■ INSTRUCTIONS TO FOLLOW
Omit all images, then repeat exactly the lines below from the one containing "Der (Glas-) Balkon" through the one containing "The Frubler InnovaGoods", both ends included.

BEGIN DATA FOR REVIEW

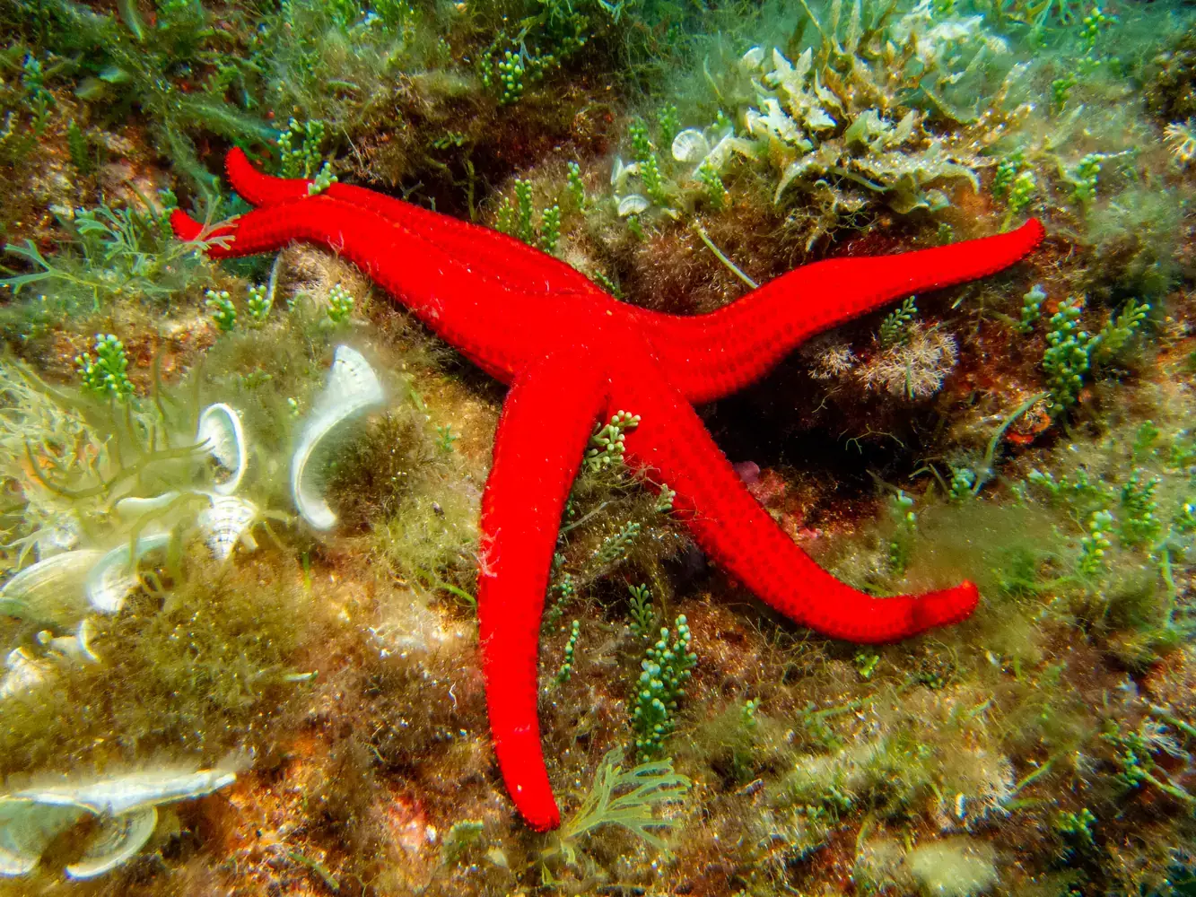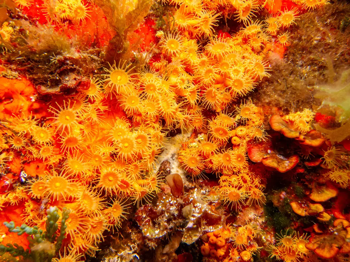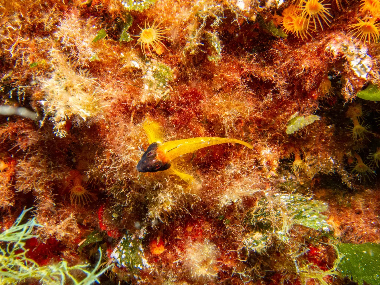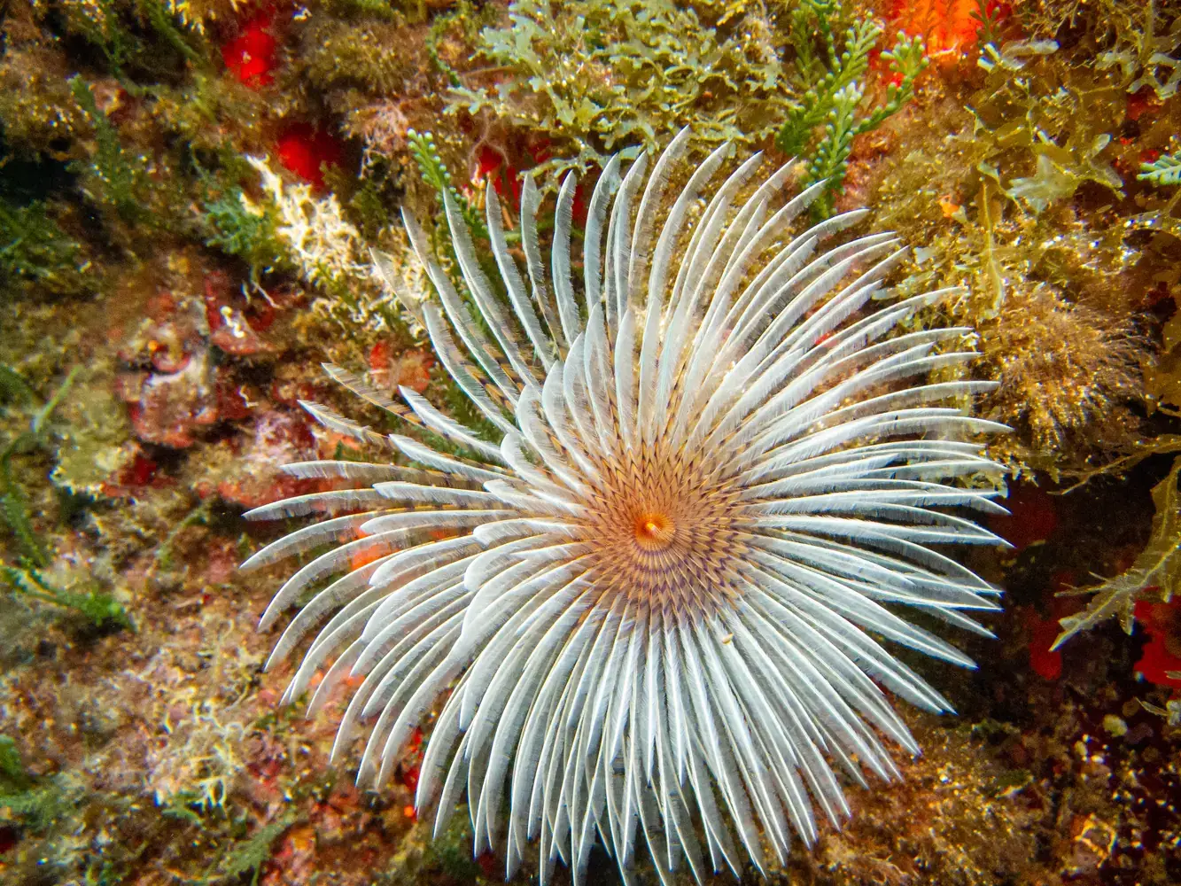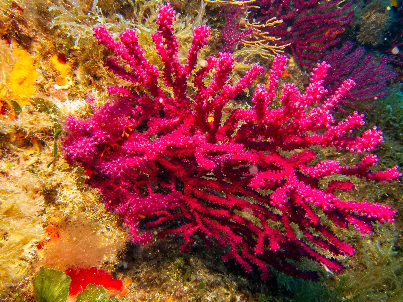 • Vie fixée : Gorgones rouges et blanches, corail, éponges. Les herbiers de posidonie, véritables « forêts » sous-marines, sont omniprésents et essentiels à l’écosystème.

END DATA FOR REVIEW
BEGIN DATA FOR REVIEW

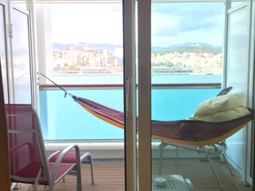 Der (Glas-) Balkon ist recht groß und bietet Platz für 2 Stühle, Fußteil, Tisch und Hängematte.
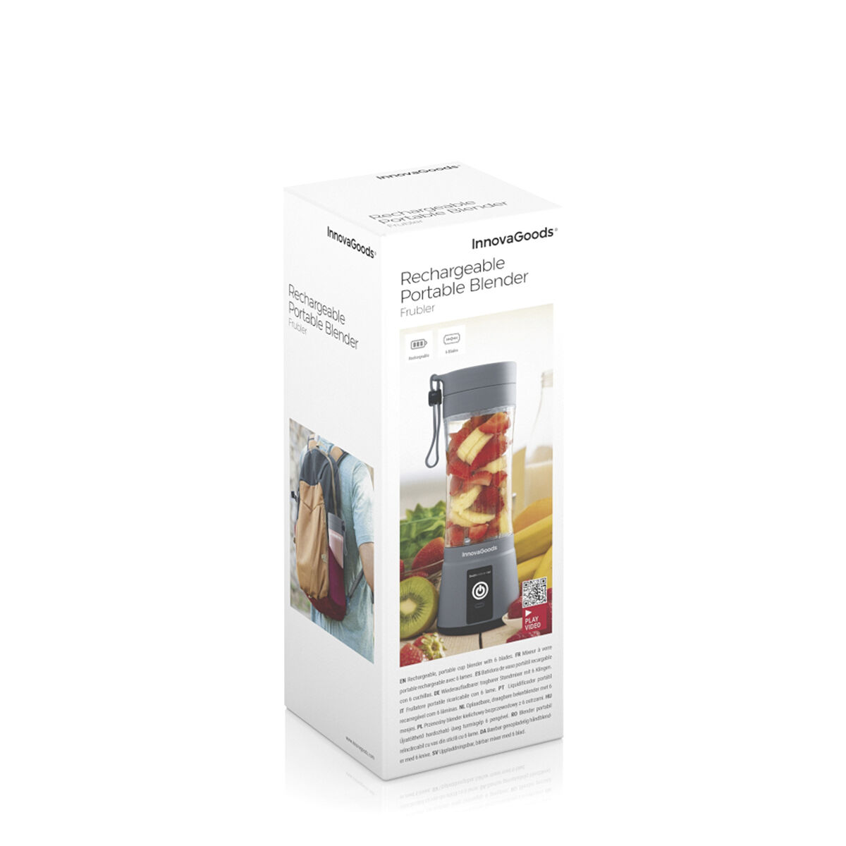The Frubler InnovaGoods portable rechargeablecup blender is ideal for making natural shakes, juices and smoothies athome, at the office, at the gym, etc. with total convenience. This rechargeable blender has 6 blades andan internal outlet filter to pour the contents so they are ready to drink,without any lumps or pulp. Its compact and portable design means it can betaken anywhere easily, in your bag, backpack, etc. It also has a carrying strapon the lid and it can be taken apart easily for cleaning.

END DATA FOR REVIEW
BEGIN DATA FOR REVIEW

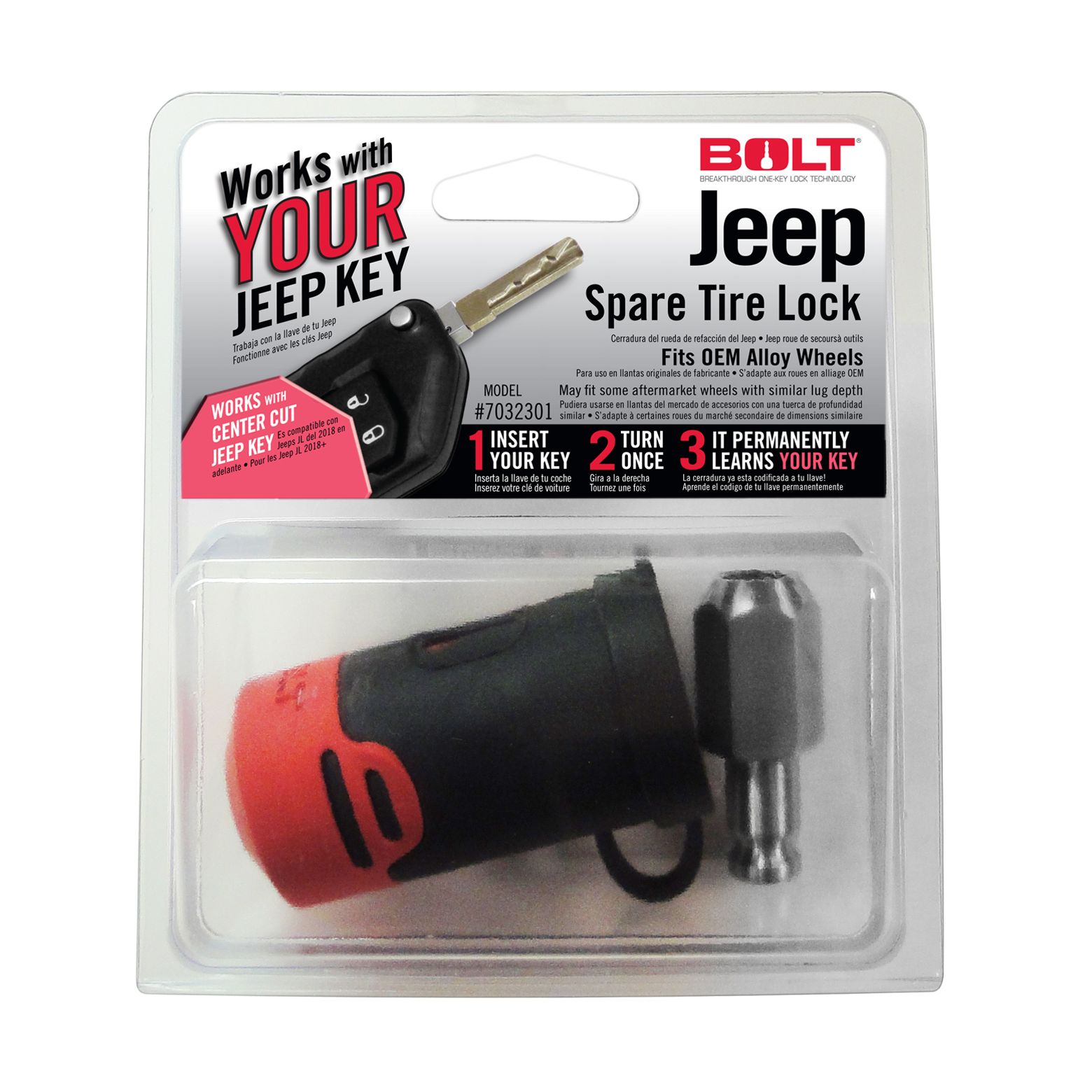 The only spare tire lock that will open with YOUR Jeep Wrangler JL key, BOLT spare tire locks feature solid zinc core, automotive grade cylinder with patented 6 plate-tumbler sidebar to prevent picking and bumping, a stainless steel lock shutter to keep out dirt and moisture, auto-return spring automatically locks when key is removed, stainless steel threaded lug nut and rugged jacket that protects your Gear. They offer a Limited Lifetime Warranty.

END DATA FOR REVIEW

■ EXPECTED ANSWER
 Der (Glas-) Balkon ist recht groß und bietet Platz für 2 Stühle, Fußteil, Tisch und Hängematte.
The Frubler InnovaGoods portable rechargeablecup blender is ideal for making natural shakes, juices and smoothies athome, at the office, at the gym, etc. with total convenience. This rechargeable blender has 6 blades andan internal outlet filter to pour the contents so they are ready to drink,without any lumps or pulp. Its compact and portable design means it can betaken anywhere easily, in your bag, backpack, etc. It also has a carrying strapon the lid and it can be taken apart easily for cleaning.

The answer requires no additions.